* How to complete this task
In the entries that follow, repeat exactly the lines from the one that has "クラウドファンディング「東京" through the one that has "这是生存游戏《深海迷航》移动", but omit pictures.

* Data listing

____________

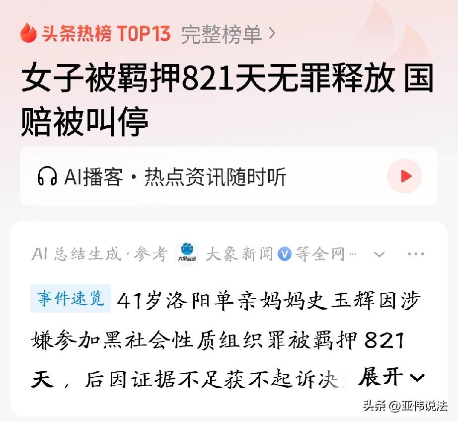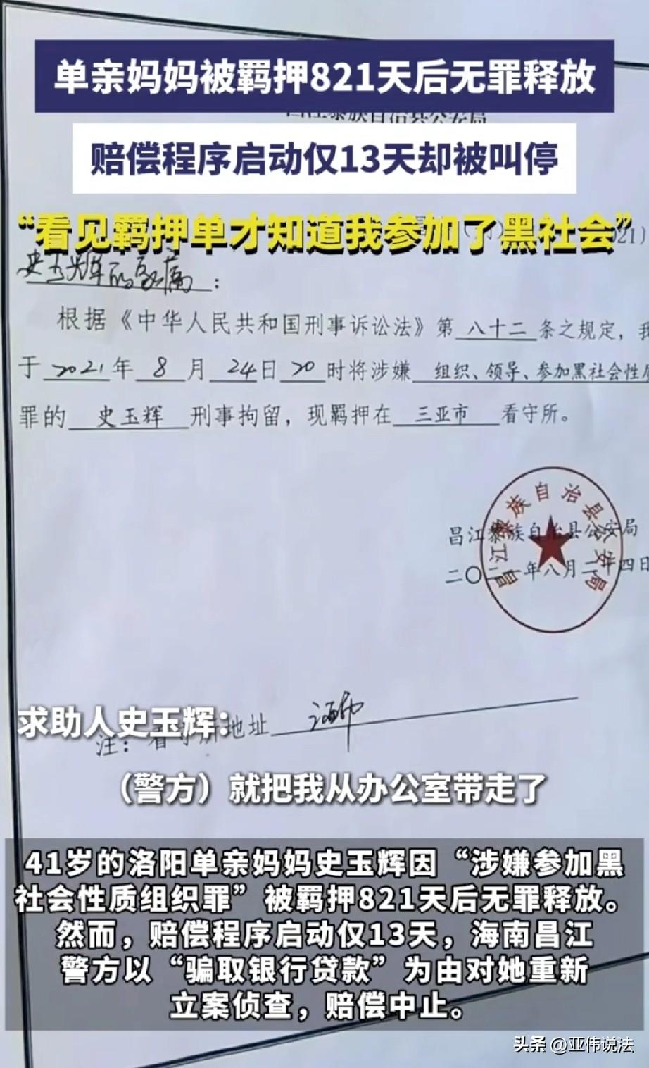 海南,41岁单亲妈妈因为涉嫌参加黑社会被羁押了821天,后来,检察院认定证据不足,不予起诉,将她无罪释放,并同意赔偿她的损失。女子松了口气,以为噩梦终于要结束了,谁知,赔偿程序才启动13天,警方竟以“骗取银行贷款”为由,对她重新立案侦查,赔偿的事也暂且中止。女子懵了,骗贷的事法院都已经认定了,不构成犯罪,为何又要再来一次。对此,警方的解释让她无法接受。 41岁的洛阳单亲妈妈史玉辉,这几年的遭遇,说起来像一场醒不来的噩梦。 2022年底,她是一名物业经理,却因“涉嫌参加黑 社会性质组织罪”被警方羁押,这一关就是整整821天。 在看守所的日子里,她每天都在煎熬:一边担心远在洛阳的孩子没人照顾,一边坚信,自己没做错,一定要等一个清白。 无数个夜晚,她睁着眼睛到天亮,就盼着能有洗刷冤屈的那天。 终于,2025年5月,她拿到了检察院出具的《不起诉决定书》,白纸黑字写着“证据不足,不予起诉”。 史玉辉蹲在检察院门口,抱着那张薄薄的纸哭了好久,快两年半的委屈、恐惧和期盼,在这一刻全化作了眼泪。 她以为,悬在头顶的乌云终于散了。 同年8月,好消息再次传来:检察机关作出《刑事赔偿决定书》,同意赔偿她被羁押期间的人身自由赔偿金和精神损害抚慰金。 史玉辉算了算,这笔钱足够她带孩子回洛阳租个稳定的房子,再给孩子相对稳定的生活。 她甚至开始规划,等拿到钱就去买张回家的火车票,再也不踏足这个让她心碎的地方。 可谁能想到,赔偿程序才启动13天,一道突如其来的通知书,把她的希望彻底碾碎。 警方送来立案告知书,称要以“骗取银行贷款”为由对她重新立案侦查,同时通知检察机关,中止对她的赔偿程序。 史玉辉当场就懵了,这个“骗取银行贷款”的指控,早在之前的涉黑案件庭审中,法院就已经明确认定不构成犯罪,相关证据也被全部驳回。 怎么现在案子结了,又把这事儿翻出来了? 带着满肚子的疑问和不甘,3月18日,史玉辉再次来到检察院,想要个说法。 接待她的检察官听完她的质问,表示,刑事案件办理过程中发现新线索,重新立案是正常流程,就算是几十年前的案子,只要有新证据也能翻案。 史玉辉的心一下子提到了嗓子眼,她查过法律,赔偿中止的期限是一年,如果一年后他们再找别的理由立案,那自己的赔偿是不是永远都拿不到了? 检察官回答,理论上不排除这种可能。这个回答像一盆冷水,浇得她浑身冰凉。 从检察院出来,史玉辉又马不停蹄地赶到公安局,民警解释,重新立案的证据材料是检察院移交给我们的,目前正在核查,收集证据只是正常办案流程。 当他继续追问细节时,对方以办案细节需要保密,不方便透露为由,挂断了电话。 坐在出租屋里,史玉辉只觉得浑身发冷。 她一个单亲妈妈,带着孩子本来就不容易,好不容易等到了“无罪”的结果,以为能拿到赔偿,给孩子一个稳定的生活,可现在,一切又回到了原点。 她不知道自己还要等多久,也不知道这场“拉锯战”什么时候才能结束。 《关于办理刑事赔偿案件适用法律若干问题的解释》第二条规定∶赔偿义务机关有证据证明尚未终止追究刑事责任,且经人民法院赔偿委员会审查属实的,应当决定驳回赔偿请求人的赔偿申请。 史玉辉案中,检察院以“证据不足”作出不起诉决定,已属法律上终止追究刑事责任 ,其依法申请国家赔偿符合法定条件。 但警方以法院已认定不构成犯罪的“骗贷”事实重新立案,本质是对同一事实重复追诉。 根据“一事不再理”原则 ,生效司法认定对同一行为具有既判力,无新事实、新证据不得再行立案侦查。 本案中,警方所称“检察院移交材料”并非新证据,而是原案已被法院否定的旧材料,重新立案缺乏合法基础。 司法机关若以“新线索”为由随意重启已决事实,将使国家赔偿制度形同虚设,严重侵犯公民获得赔偿的法定权利。 史玉辉可以固定相关证据,向有关部门投诉维权。 对此你怎么看?
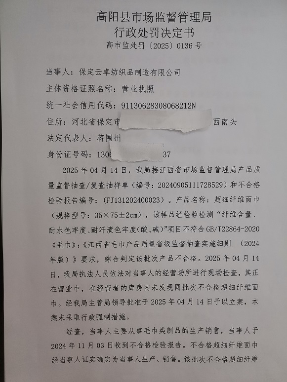 保定云卓纺织品制造有限公司以不合格产品冒充合格产品案
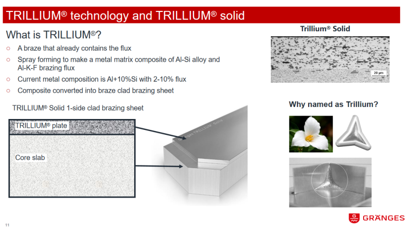 为解决这些问题,公司开发了新技术,通过粉末冶金将钎剂融入钎料中,经热机械过程转化为含钎剂和钎料的钎料层,无需额外涂附钎剂。此技术命名为Trillium,灵感来源于与钎焊接头相似的延龄草。
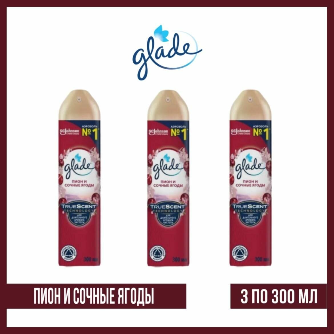 Купить Освежитель воздуха аэрозольный 300 мл GLADE "Пион и сочные ягоды", 3 шт
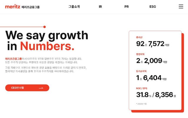 메리츠금융지주는 메리츠화재와 메리츠증권을 완전 자회사로 편입하며 단일 상장사로서 그룹의 ‘원 메리츠(One Meritz)’를 완성하기 위한 홈페이지를 25일 새롭게 선보였다고 밝혔다.홈페이지 리뉴얼을 통해 주주·고객 소통과 ESG 경영을 위한 길잡이로서 홈페이지 역할을 강화할 계획이다.대대적으로 개편된 그룹 홈페이지는 메리츠만의 스타일로 불필요한 정보들을 모두 걷어내고 숫자와 간결한 정보에 집중했다. 보여주기식 소개 글과 복잡한 디자인적 요소는 최대한 덜어내 홈페이지를 방문하는 주주와 고객 관점에서 정보 습득 편의성을 최적화했다.효과적인 정보 전달을 위해 홈페이지 디자인에도 변화를 줬다. 메리츠의 CI 색상인 ‘오렌지 레드’를 활용해 기업 아이덴티티가 강조되는 수치 및 시각 자료를 배치했다.첫 메인 화면에서는 '숫자로 성장을 보여주겠다(We say growth in Numbers)'는 문구와 함께 지주 실적 수치를 한눈에 파악할 수 있도록 구성했다. 대주주 1주와 일반주주 1주의 가치는 동일하다는 그룹의 원칙에 따라 모든 주주가 인정하는 투명하고 깨끗한 경영을 하겠다는 의미이다.뿐만 아니라 경영활동에 관련된 모든 정보와 계열사 실적 수치, 배당금과 배당총액, 자사주 매입·소각 금액, 주주환원율도 일목요연하게 구성해 빠른 이해를 돕고 모바일에서도 핵심 내용을 직관적으로 파악할 수 있도록 했다.리뉴얼된 웹사이트에는 ESG 파트를 신설해 환경·사회·책임 경영 전략과 사회공헌 프로그램 등 다양한 정보와 더불어 ESG 연간 보고서도 지속적으로 제공해 사회적 가치를 창출하는 그룹에 대한 고객의 신뢰를 강화할 예정이다.김용범 대표이사 부회장은 “메리츠금융지주와 그룹의 핵심 계열사인 메리츠화재, 메리츠증권은 안정적인 수익성을 바탕으로 한 효율적인 자본 배분을 통해 이전보다 유기적인 재무 유연성을 발휘할 수 있게 됐다”며 “앞으로 시너지와 전문성을 제고하고, 시장 안정화에 기여하기 위해 금융 생태계를 확장해나갈 예정이다”고 말했다.
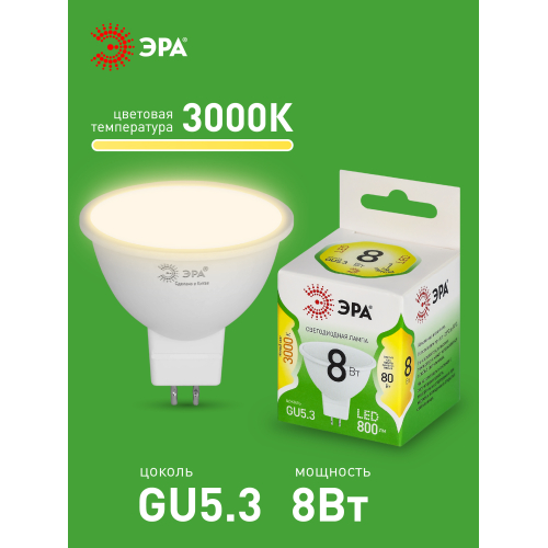 Светодиодная лампа ЭРА LED MR16-8W-830-GU5.3 GL серии Green Line — современный и энергоэффективный источник света. Лампочка мощностью 8 Вт с цоколем GU5.3 излучает теплый белый свет (3000K) без мерцания. Форма MR16 с отражателем обеспечивает направленный световой поток и идеально подходит для акцентного и основного освещения: в точечных светильниках, трековых системах, витринах и подвесных конструкциях. Потребляет минимум энергии, не нагревается, устойчива к перепадам напряжения и обеспечивает стабильное свечение. Работает от сети 220 В, эквивалентна 80 Вт лампе накаливания. Отличное решение для дома, офисов, магазинов, кафе и гостиниц.
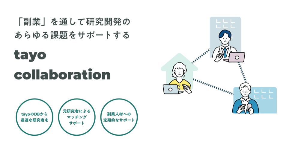 株式会社tayo(本社:神奈川県横浜市、代表取締役:熊谷 洋平)は、本日2023年4月1日(土)に専門知識や技術が必要な企業・研究室と研究者を「副業」によりつなぐ新サービス「tayo collaboration」をリリースいたしました。
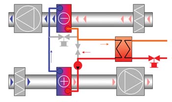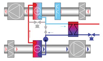 In addition to the two energy recovery coils, the Econet unit incorporates a heat exchanger. This enables the system to supply additional heating or cooling energy to the supply air, eliminating the need for more heating and cooling coils in the air-handling unit and their associated pumps, valves and pipework.
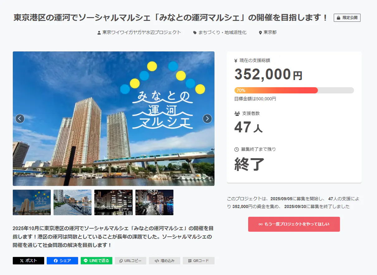 クラウドファンディング「東京港区の運河でソーシャルマルシェ「みなとの運河マルシェ」の開催を目指します!に応援を頂きありがとうございます
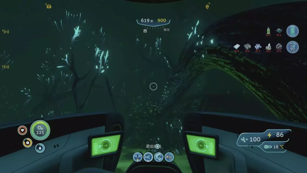 这是生存游戏《深海迷航》移动端的萌新教学内容,呈现了驾驶载具在深海探索的画面,氧气、电量等生存数值清晰显示,不过教学过程出现翻车状况,展现了深海探索的独特体验。
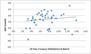 The next two charts are what the president, congress, and the Federal Reserve would learn something from if they opened their minds and dropped the mud for a while.[2] Thirty years ago interest rates were more than double what they are today and growth averaged 5% over four years of the recovery.  We haven’t had 5% growth since 1999 and that lasted one year.  The deficit, however, in the past three years is three to four times the average over the previous 37 years when it held pretty much flat.  It hasn’t mattered but it does now.
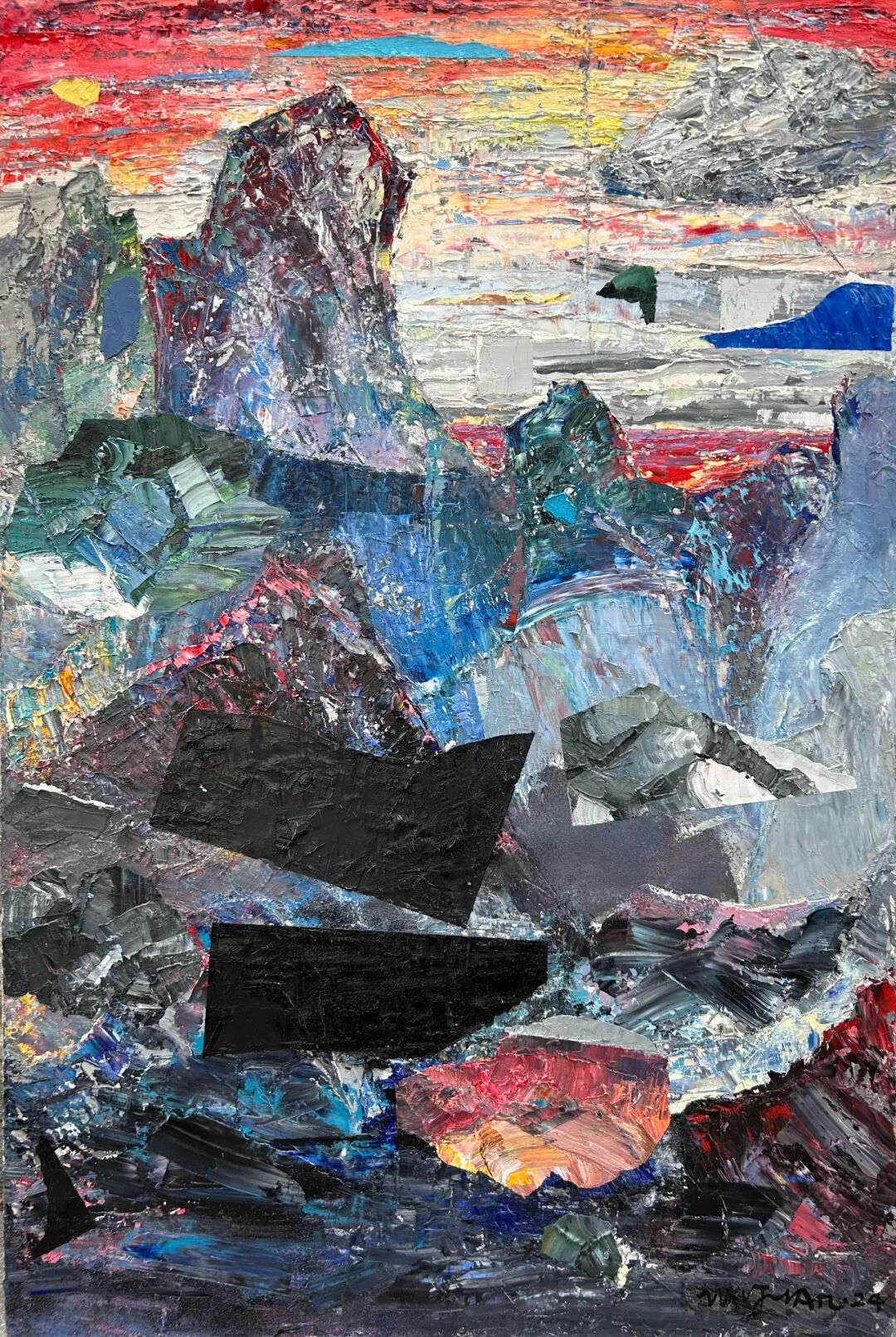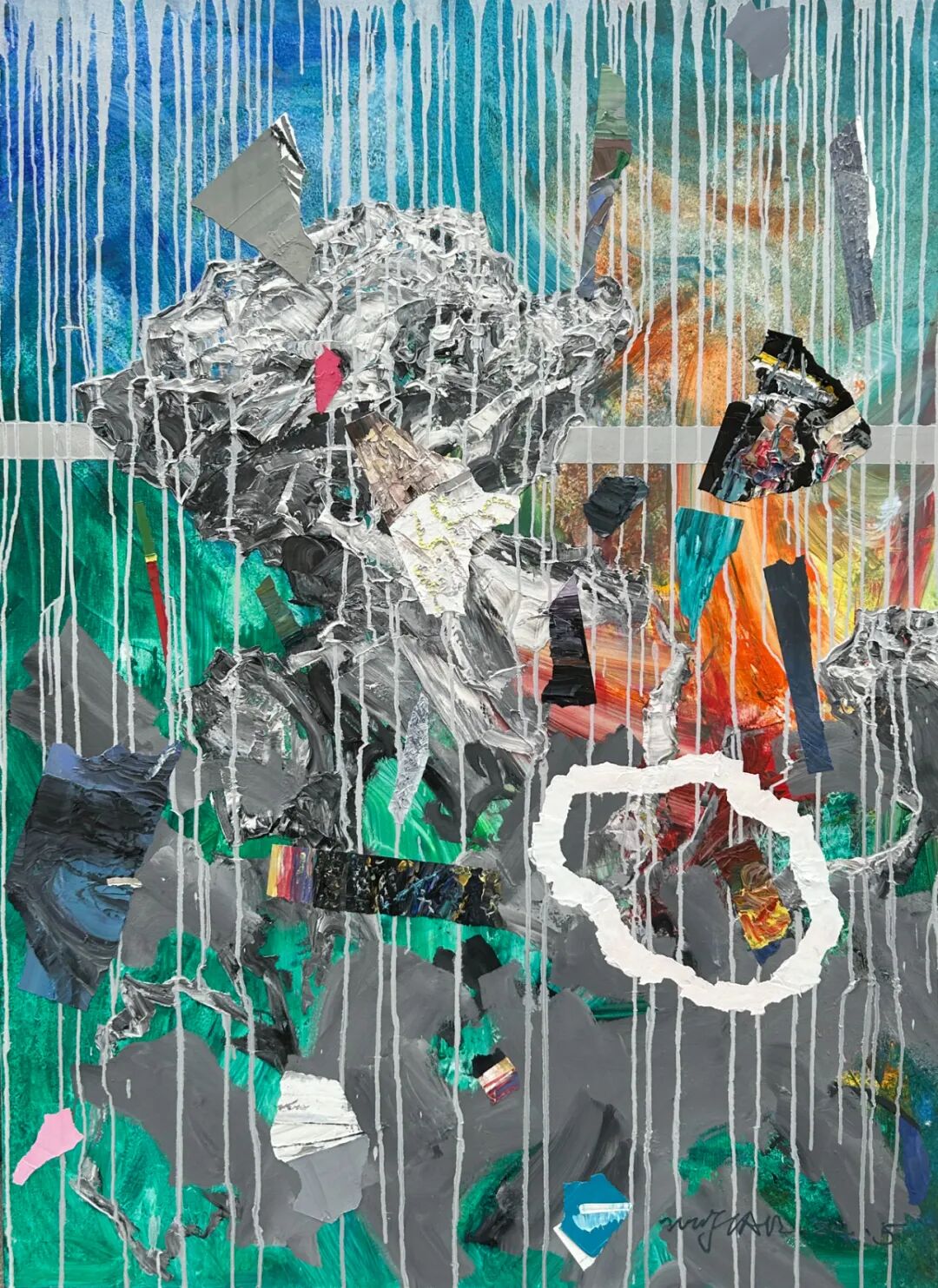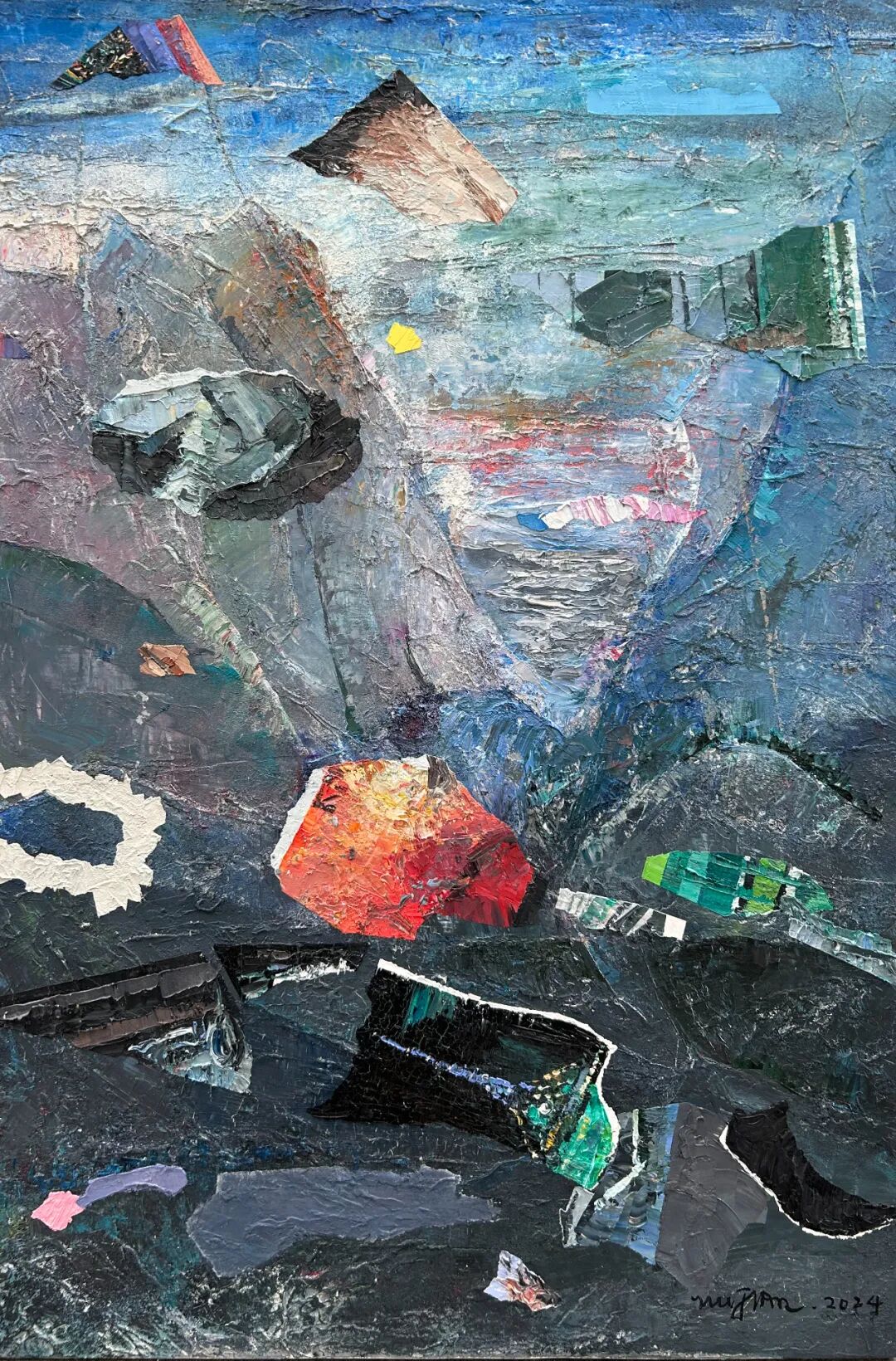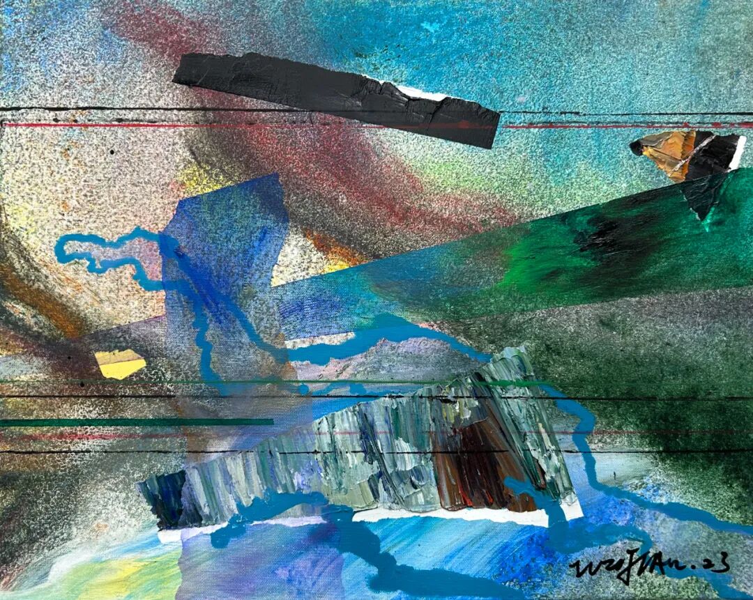 这是吴翦对于自己的研究与探讨,也是古典与当代的探索。他将对宇宙的未知与探索,就像一个徒步旅行的游客,将星系与行星作为自己行旅的探索的地点。将沿途“看见的风景”,汇聚于画布之上,有对宇宙中星云、黑洞等天体的想象,也将自己对于古代中国山水画的理解与之结合。而这些正是吴翦画面中无数堆积重叠在一起的那些似陨石,又似太空垃圾的背后,却有着一方山水的景色一样。这或许就是艺术与物理的巧合,那些宇宙磁场、波动,以及宇宙大爆炸的残余能量,同样像是画笔一般在苍茫宇宙中绘制着如《溪山行旅图》一般的画作。在那些星云中总有奇妙的发现。

____________

* Task answer
 クラウドファンディング「東京港区の運河でソーシャルマルシェ「みなとの運河マルシェ」の開催を目指します!に応援を頂きありがとうございます
 这是生存游戏《深海迷航》移动端的萌新教学内容,呈现了驾驶载具在深海探索的画面,氧气、电量等生存数值清晰显示,不过教学过程出现翻车状况,展现了深海探索的独特体验。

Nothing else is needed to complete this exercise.